Matter, form and intention are intrinsically united: they are integrated into the sacramental action in such a way that intention becomes the unifying principle of matter and form, making them a sacred sign by which grace is conferred ex opere operato [from the work performed].[40]
19. Unlike matter and form, which represent the sensible and objective element of the Sacrament, the minister’s intention-along with the disposition of the recipient-represents its inner and subjective element. It, however, tends by its nature to manifest itself externally as well through the observance of the rite established by the Church, so that the serious alteration of the essential elements also introduces doubt as to the minister’s real intention, thus invalidating the validity of the Sacrament celebrated.[41] Indeed, in principle, the intention to do what the Church does is expressed in the use of the matter and form that the Church has established.[42]

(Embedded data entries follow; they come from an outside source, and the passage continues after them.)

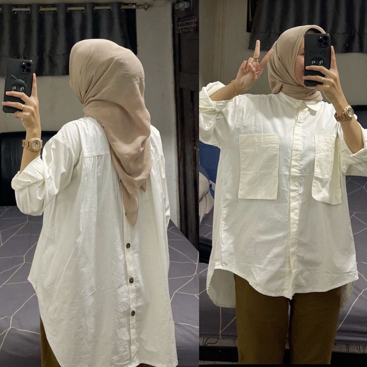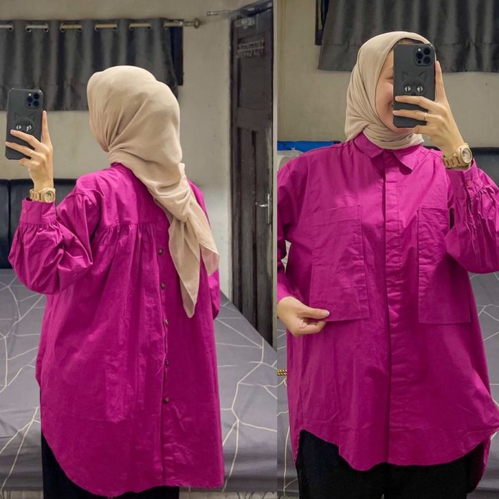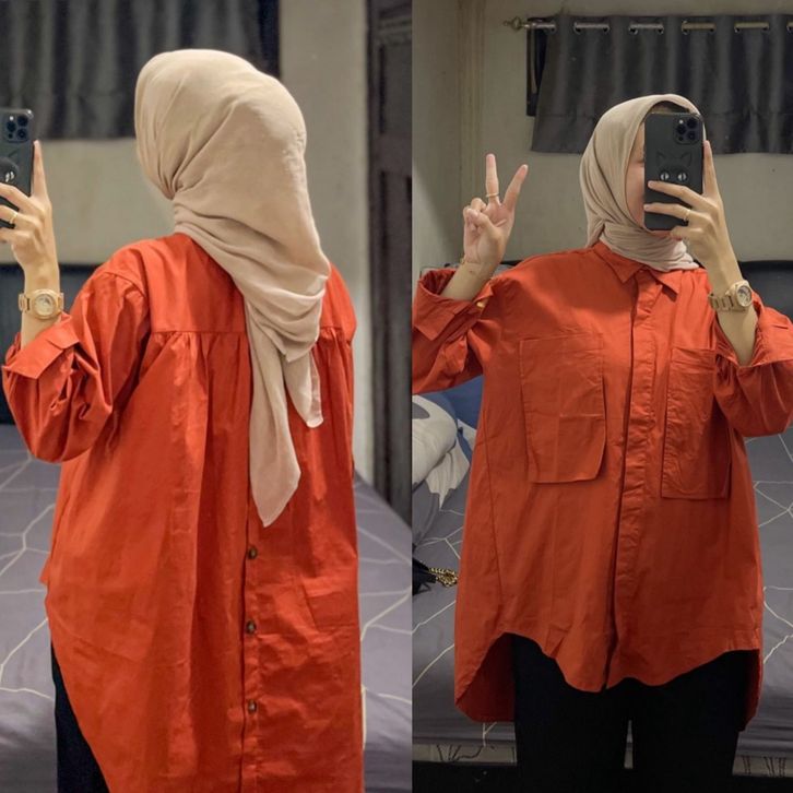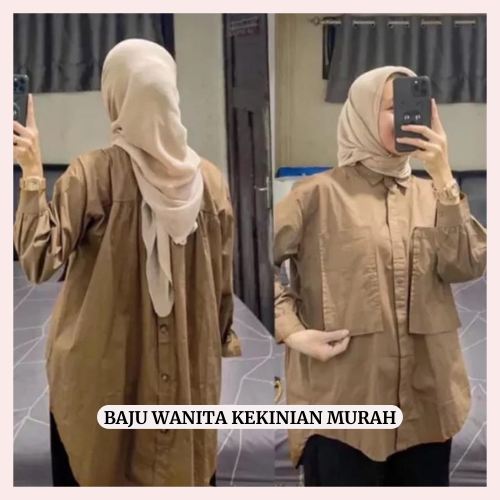kemeja wanita lora top baju blouse wanita pocket full kancing aktif busui friendly kekinian termurah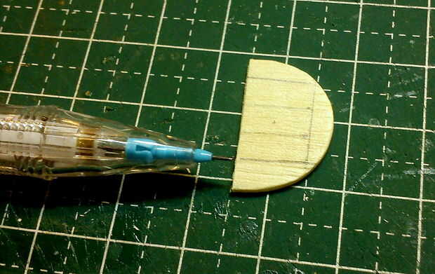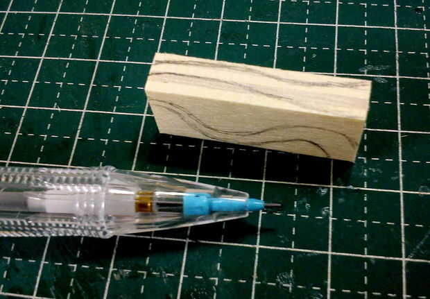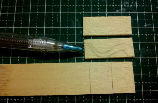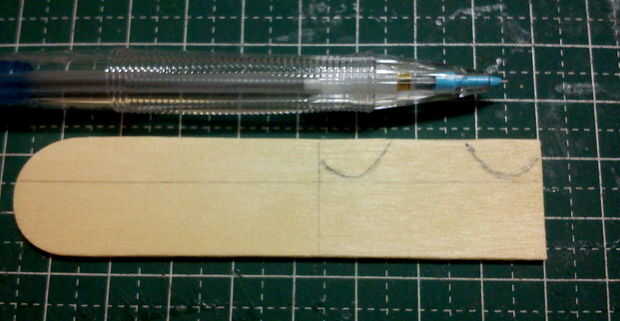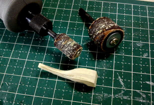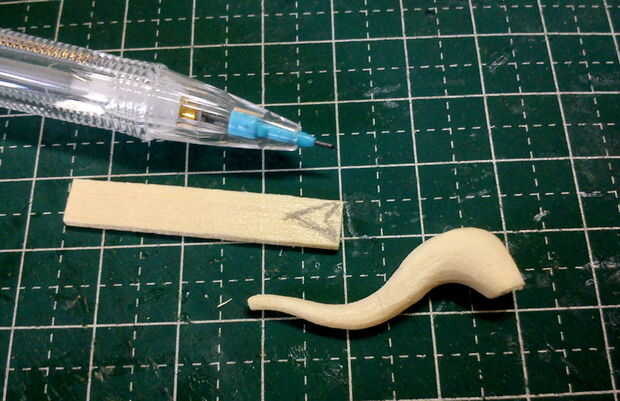 Un patrón fue dibujado en la parte superior y lados para actuar como una guía en la talla de la pieza en forma de cola de dragón. Los accesorios lijadora de tambor grueso/fino se utiliza para la forma áspera y terminados con un accesorio de la lijadora de disco en un MiniMite. La punta de la 'punta de flecha' fue hecha de chatarra paletas palos cortado y pegan en la punta de la cola de dragón.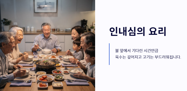 - 향신 채소와 함께 중약불에서 최소 1시간 30분 이상 뭉근하게 끓여 깊은 맛을 냅니다.

20. Matter, form, and intention are always placed in the context of the liturgical celebration, which does not constitute a ceremonial ornatus [furnishing or adornment] of the sacraments or even a didactic introduction to the reality being fulfilled, but is as a whole the event in which the personal and communal encounter between God and us, in Christ and in the Holy Spirit, an encounter in which, through the mediation of sensible signs, “perfect glory is rendered to God and men are sanctified.”[43]
The necessary solicitude for the essential elements of the Sacraments, on which their validity depends, must therefore accord with care and respect for the entire celebration, in which the meaning and effects of the Sacraments are made fully intelligible by a multiplicity of gestures and words, thus fostering the actuosa participatio [actual participation] of the faithful.[44]
21. The liturgy itself allows for that variety which preserves the Church from “rigid uniformity.”[45] This is why the Second Vatican Council decreed that, “saving the substantial unity of the Roman rite, even in the revision of liturgical books room should be left for legitimate diversity and adaptations to the various ethnic groups, regions, peoples, especially in the missions.”[46]
By virtue of this, the liturgical reform desired by the Second Vatican Council not only authorized the Bishops’ Conferences to introduce general adaptations to the Latin editio typica [typical edition], but also provided for the possibility of particular adaptations by the minister of celebration, with the sole purpose of meeting the pastoral and spiritual needs of the faithful.
22. However, so that variety “does not harm unity, but rather serves it.”[47] it remains clear that, outside the cases expressly indicated in the liturgical books, “regulating the sacred Liturgy is the sole responsibility of the authority of the Church.”[48] which resides, depending on the circumstances, in the bishop, the territorial episcopal assembly, and the Apostolic See.
It is clear, in fact, that “to change on one’s own initiative the celebratory form of a Sacrament does not constitute a simple liturgical abuse, as a transgression of a positive norm, but a vulnus [wound] inflicted at one and the same time on ecclesial communion and on the recognizability of Christ’s action, which in the most serious cases renders the Sacrament itself invalid, because the nature of ministerial action demands that one transmit with fidelity what one has received (cf. 1 Cor. 15:3).”[49]